> **Records for this task**:

☆ ☆ ☆ ☆ ☆

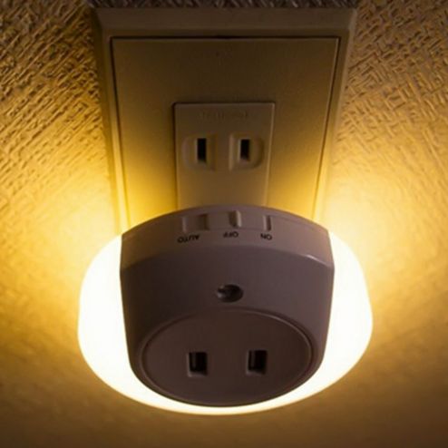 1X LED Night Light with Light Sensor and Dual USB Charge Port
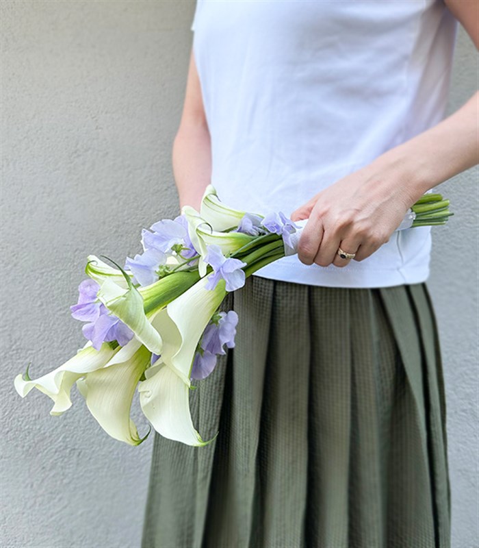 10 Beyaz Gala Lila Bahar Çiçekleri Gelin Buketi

☆ ☆ ☆ ☆ ☆

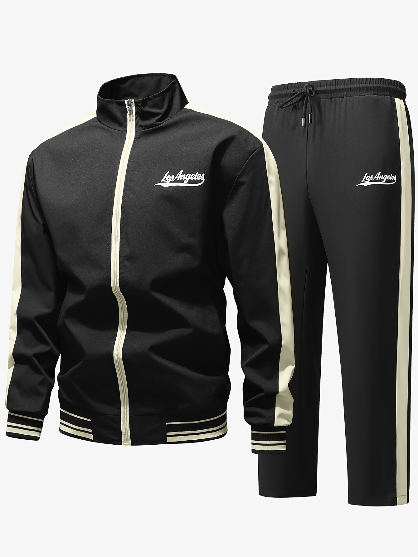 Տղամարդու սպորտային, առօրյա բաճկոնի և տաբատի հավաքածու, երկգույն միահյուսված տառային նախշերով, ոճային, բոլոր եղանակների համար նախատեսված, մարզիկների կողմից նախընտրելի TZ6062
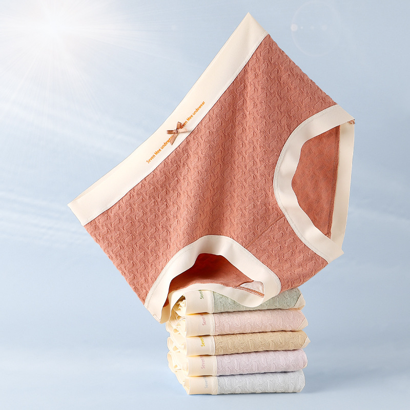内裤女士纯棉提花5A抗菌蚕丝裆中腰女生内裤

☆ ☆ ☆ ☆ ☆

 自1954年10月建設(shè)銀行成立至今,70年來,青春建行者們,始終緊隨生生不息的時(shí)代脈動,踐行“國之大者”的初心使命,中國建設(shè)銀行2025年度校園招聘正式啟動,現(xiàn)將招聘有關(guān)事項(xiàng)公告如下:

☆ ☆ ☆ ☆ ☆

> **Problem requirements**:
All lines above from the one containing "Տղամարդու սպորտային, առօրյա" up to and including the one containing "内裤女士纯棉提花5A抗菌蚕丝裆中腰女生内裤" are to be set down exactly, and nothing else. Leave images out.

> **Expected output**:
 Տղամարդու սպորտային, առօրյա բաճկոնի և տաբատի հավաքածու, երկգույն միահյուսված տառային նախշերով, ոճային, բոլոր եղանակների համար նախատեսված, մարզիկների կողմից նախընտրելի TZ6062
内裤女士纯棉提花5A抗菌蚕丝裆中腰女生内裤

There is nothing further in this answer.